OPINIONS OF LAZARD B.V.
PART 1
LAZARD B.V. OPINION DATED OCTOBER 5, 2010
LAZARD B.V.
Rembrandt Tower 28th Floor Amstelplein 1 1096HA Amsterdam
Share Capital: € 25,000
KvK no: 33241304
VAT no: NL0013.93.005.B01
Crucell N.V.
Archimedesweg 4-6
2301 CA Leiden
The Netherlands
Attn: The Supervisory Board SWITCHBOARD
FAX +31 (0)20 5611160
+31 (0)20 5611150
5 October 2010
Dear Members of the Supervisory Board:
We understand that Crucell N.V. (the "Company") and Cilag Holding AG (the "Bidder"), an indirect wholly owned subsidiary of Johnson & Johnson, intend to sign a merger agreement today, a draft of which was provided to us on the date hereof, (the "Merger Agreement") setting forth the terms and conditions pursuant to which the Bidder expects to launch a public offer (the "Offer" or the "Transaction") for all of the outstanding ordinary shares of the Company other than the shares currently held, directly or indirectly, by Johnson & Johnson and its affiliates, including the Bidder (the "Excluded Shareholders"). Pursuant to the Merger Agreement, the Bidder intends to make a public offer to acquire all of the ordinary shares of the Company, including all ordinary shares of the Company represented by American Depositary Shares, in exchange for an amount in cash equal to Euro 24.75 per ordinary share of the Company (the "Consideration"). We further understand that as of the date hereof, Johnson & Johnson, directly or indirectly, holds approximately 17.9% of the ordinary shares of the Company.
While certain provisions of the Transaction are summarized herein, the terms and conditions of the Transaction are more fully set forth in the Merger Agreement.
You have requested the opinion of Lazard B.V. ("Lazard") as to the fairness, from a financial point of view, to the shareholders of the Company other than the Excluded Shareholders of the Consideration to be paid in the Transaction.

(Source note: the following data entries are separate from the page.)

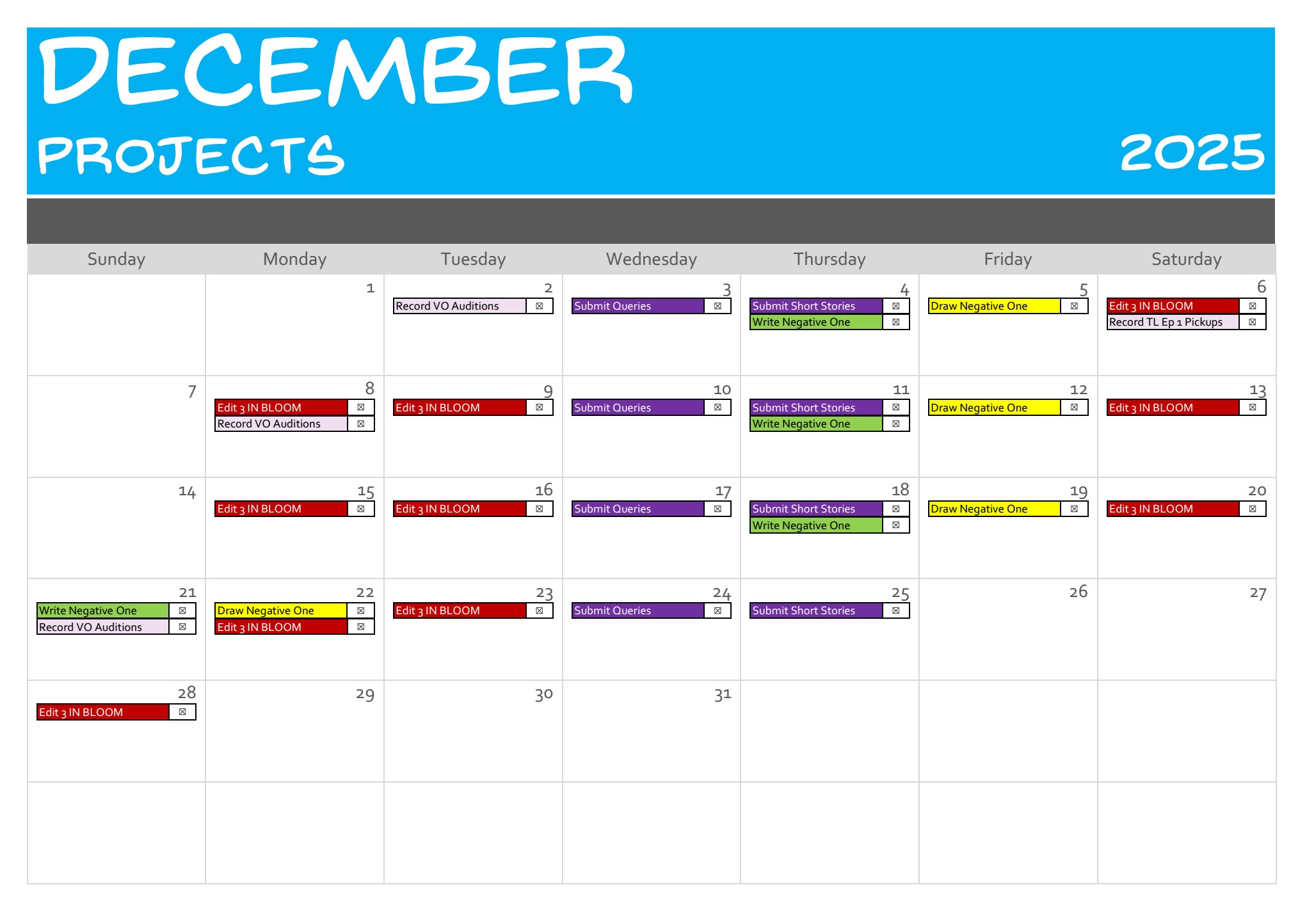 2. Personal Project Goals: I resolved to keep working on getting photos sorted as the first stop on a website rebuild; resolved to work on writing three days a week and submissions when I can; resolved to relearn ukulele songs I've forgotten and learn new ones, keep creating my regular webcomic and video content, and get some small voice acting gigs.
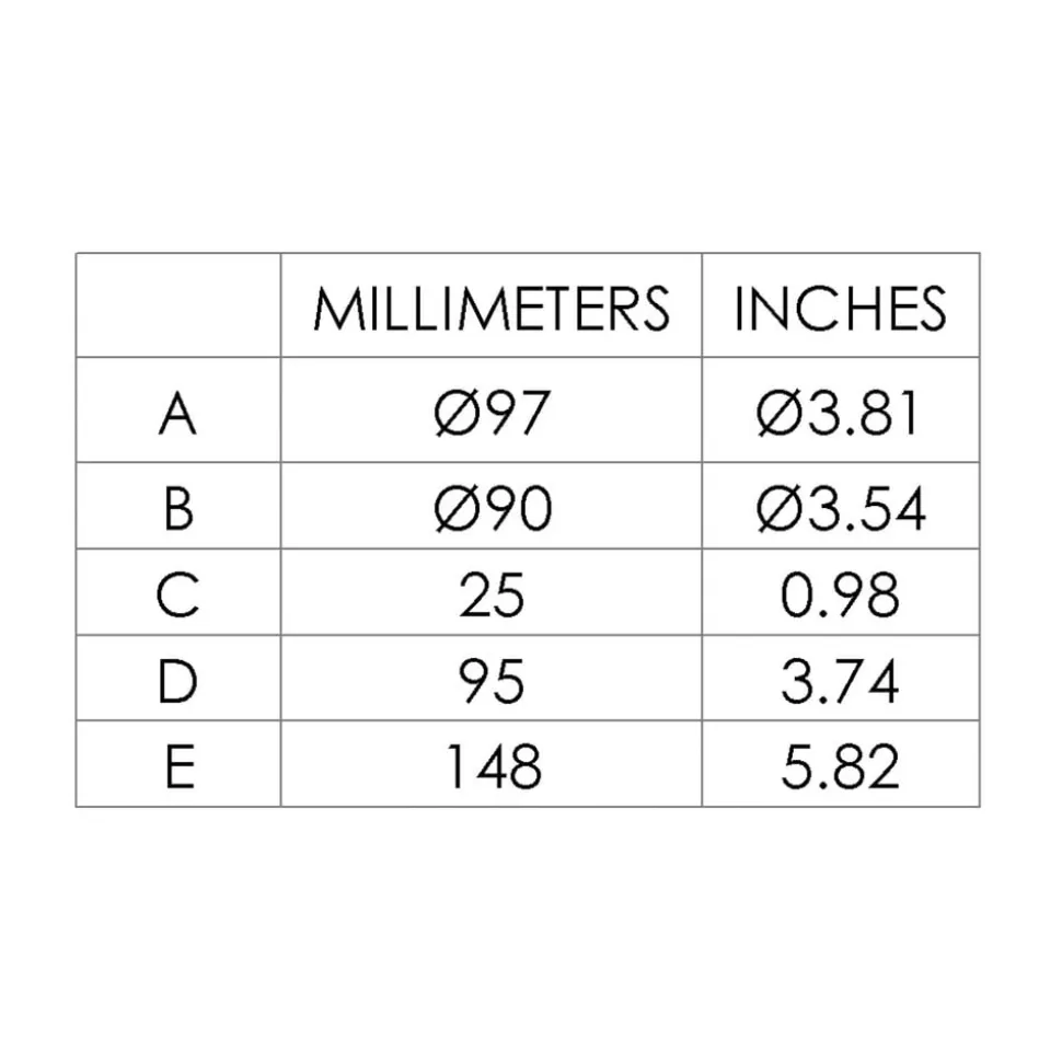 - Ø skærm 9 cm; Ø vægmontering 9,7 cm
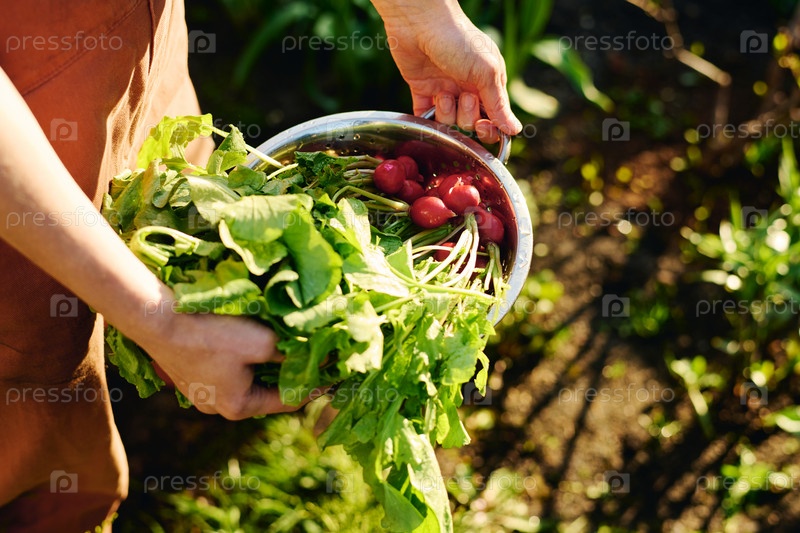 Фермер, несущий металлическую миску с редисом
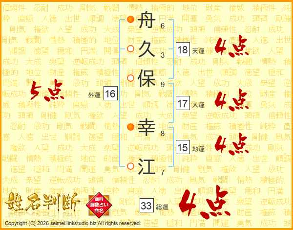舟(6画)久(3画)保(9画) 幸(8画)江(7画)
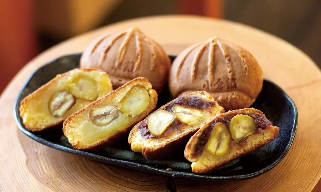 - 栗餡団(栗あん、小倉あんほか)各1個281円。
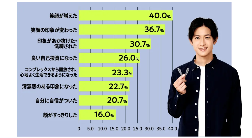 歯を見せて気持ちよく笑うこともでき、「清潔感があって、笑顔が素敵な男性だな」「明るい雰囲気の人だな」と、今よりもっと周りから良い印象を持ってもらえるでしょう。
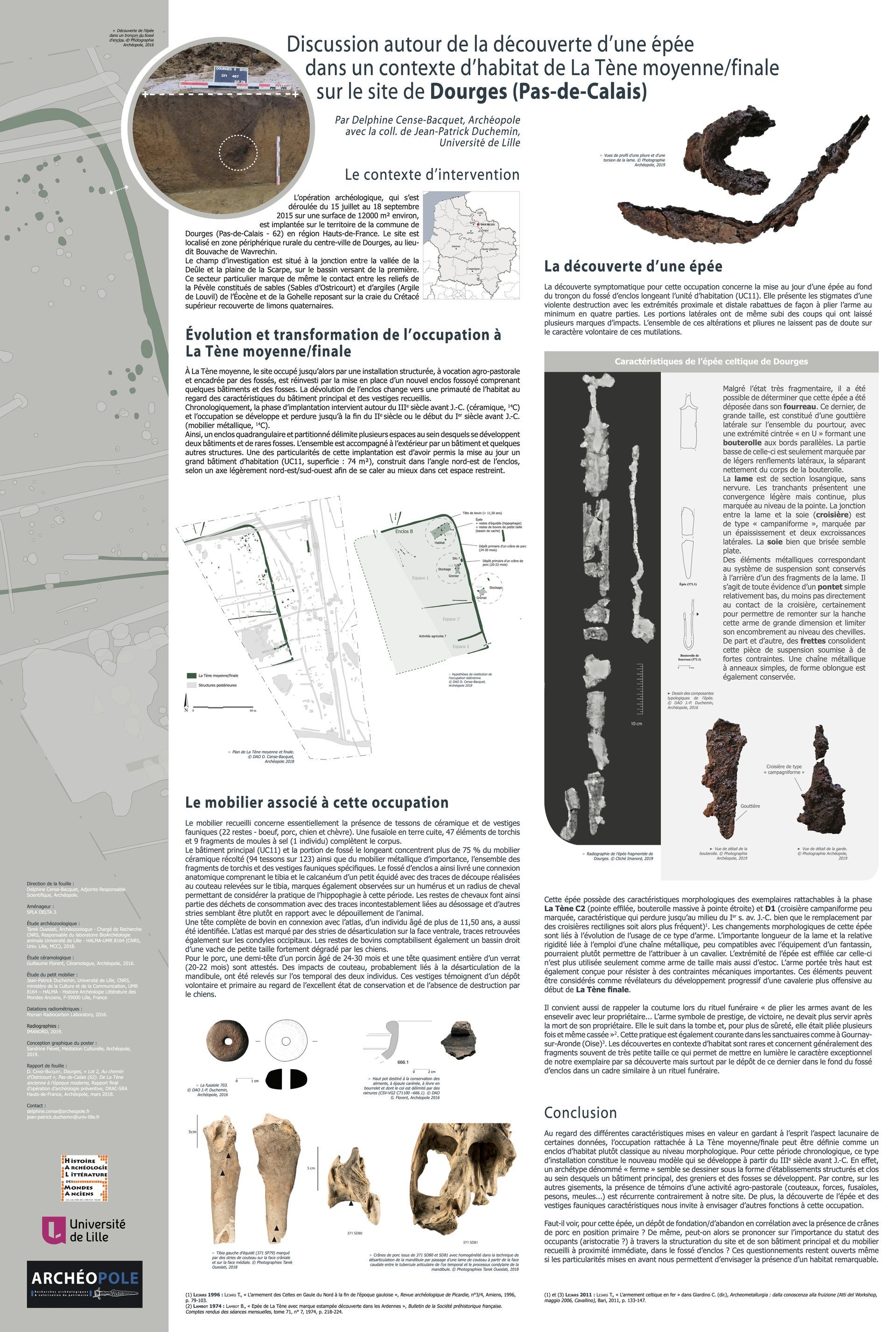 CENSE-BACQUET D., coll. DUCHEMIN J.-P., « Discussion autour de la découverte d’une épée dans un contexte d’habitat de La Tène moyenne sur le site de Dourges (Pas-de-Calais) », poster présenté au colloque Armes et Guerriers, Continuités et changements dans l’équipement du guerrier en Europe et au Proche et Moyen-Orient de l’âge du Bronze au Moyen Âge, Paris, Institut d’Art et d’Archéologie, 29 octobre 2019.
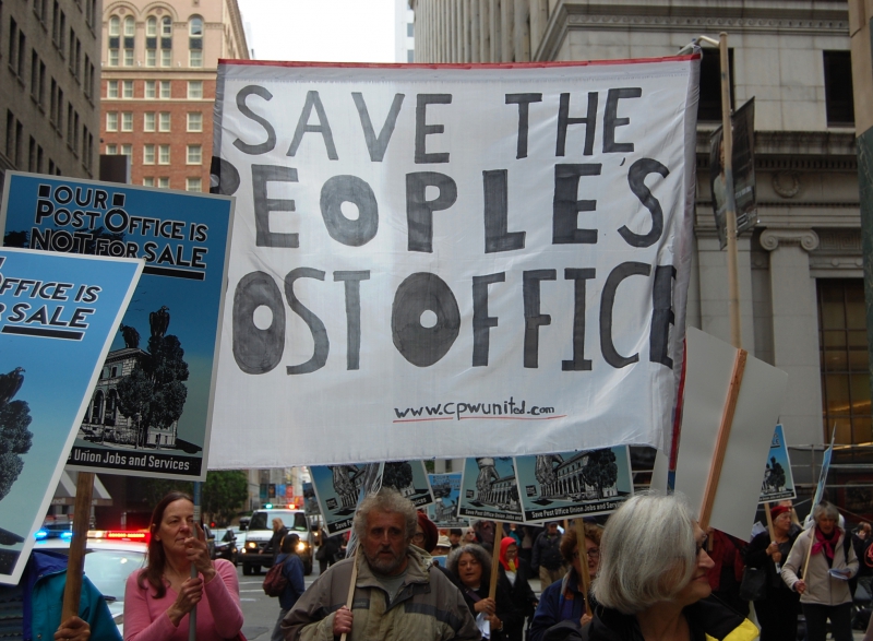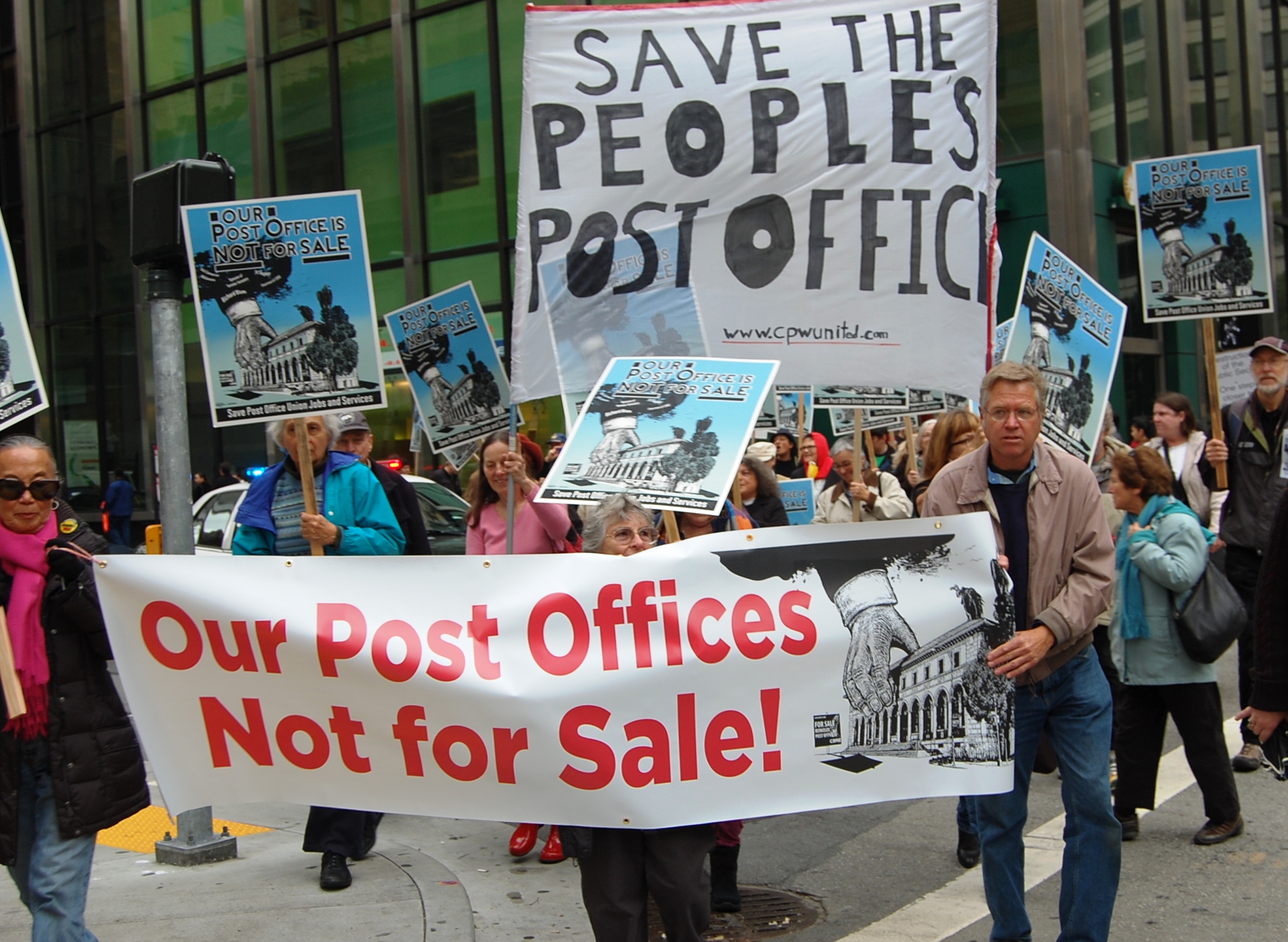 A union member of the American Postal Workers Union told us the union leadership has not pushed against these sales. The director of the United Parcel Service, Gary MacDougal, stated in the Wall Street Journal this fall. “Entrepreneurs will see the demise of the USPS as an opportunity...this transition can be one of the badly needed bright spots in a troubled American economy.” Postmaster General Donahoe led the charge to end six-day delivery; close 4,000 post offices eliminate 250 processing plants and 200,000 decent union jobs.

In connection with this opinion, we have:
(i) Reviewed the financial terms and conditions of the Offer as set forth in the Merger Agreement;
(ii) Analyzed certain historical business and financial information relating to the Company, including the annual reports of the Company for the three years ended December 31, 2007, 2008 and 2009, and the quarterly reports for the quarters ended 31 March 2010 and 30 June 2010;
(iii) Reviewed various financial forecasts and other data provided to us by the Company relating to its business;
(iv) Held discussions with members of the senior management of the Company with respect to the business and prospects of the Company;
(v) Reviewed public information with respect to the Company, including research analyst reports relating to the future financial performance of the Company;
(vi) Reviewed the prospectus published on 28 October 2009 in connection with the issuance of new shares by the Company;
(vii) Reviewed public information with respect to certain other companies in lines of business we believe to be generally comparable to the business of the Company;
(viii) Reviewed the financial terms of certain transactions involving companies in lines of businesses we believe to be generally comparable to those of the Company;
(ix) Reviewed the historical stock prices and trading volumes of the Company's stock; and
(x) Conducted such other financial studies, analyses and investigations as we deemed appropriate.
In preparing this opinion we have assumed and relied upon, without independent verification, the accuracy and completeness of all of the foregoing information, including, without limitation, all the financial and other information and reports provided, and all representations made, to us by the Company. We have not undertaken any independent investigation or appraisal of such information, reports or representations. We have not provided, obtained or reviewed on your behalf any specialist advice, including but not limited to, legal, accounting, actuarial, environmental, information technology or tax advice, and accordingly our opinion does not take into account the possible implications of any such specialist advice.
We have assumed that the valuation of assets (including all plant and equipment) and liabilities and the profit and cash flow forecasts, including future capital expenditure projections made by the management of the Company are fair and reasonable. We have not independently valued the principal assets or liabilities of the Company or conducted any valuation concerning the solvency or fair value of the Company. With respect to the financial forecasts and projections provided to us, we have assumed, with the Company's consent, that they have been reasonably prepared based on assumptions reflecting the best currently available estimates and judgments of the management of the Company as to the expected future results of operations and financial condition of the Company to which such forecasts and projections relate. We assume no responsibility for and express no view as to such forecasts or projections or the assumptions on which they are based.
In preparing our opinion, we have assumed that the Transaction will be consummated on the terms and subject to the conditions described in the Merger Agreement without any modification of any of its material terms or conditions. We have also assumed that all material governmental, regulatory or other approvals and consents required in connection with the consummation of the Offer will be obtained without any reduction in the benefits of the Offer.
Further, our opinion is necessarily based on the economic, monetary, market and other conditions as in effect on, and the information made available to us as of, the date hereof. Events occurring after the date hereof may affect this opinion and the assumptions used in preparing it, and we do not assume any obligation to update, revise or reaffirm this opinion. In addition, changes in the healthcare sector and the laws and regulations applicable to such sector could affect the financial forecasts of the Company. We do not express any opinion as to the price at which ordinary shares of the Company may trade at any time.
We are acting as financial advisor to the Company in connection with the Transaction and will receive a fee for our services which is contingent on the Offer being declared unconditional. In addition, certain companies belonging to the Lazard Group may trade shares and other securities of the Company and Johnson & Johnson for their own account and for the accounts of their customers, and accordingly, may at any time hold a long or short position in such securities.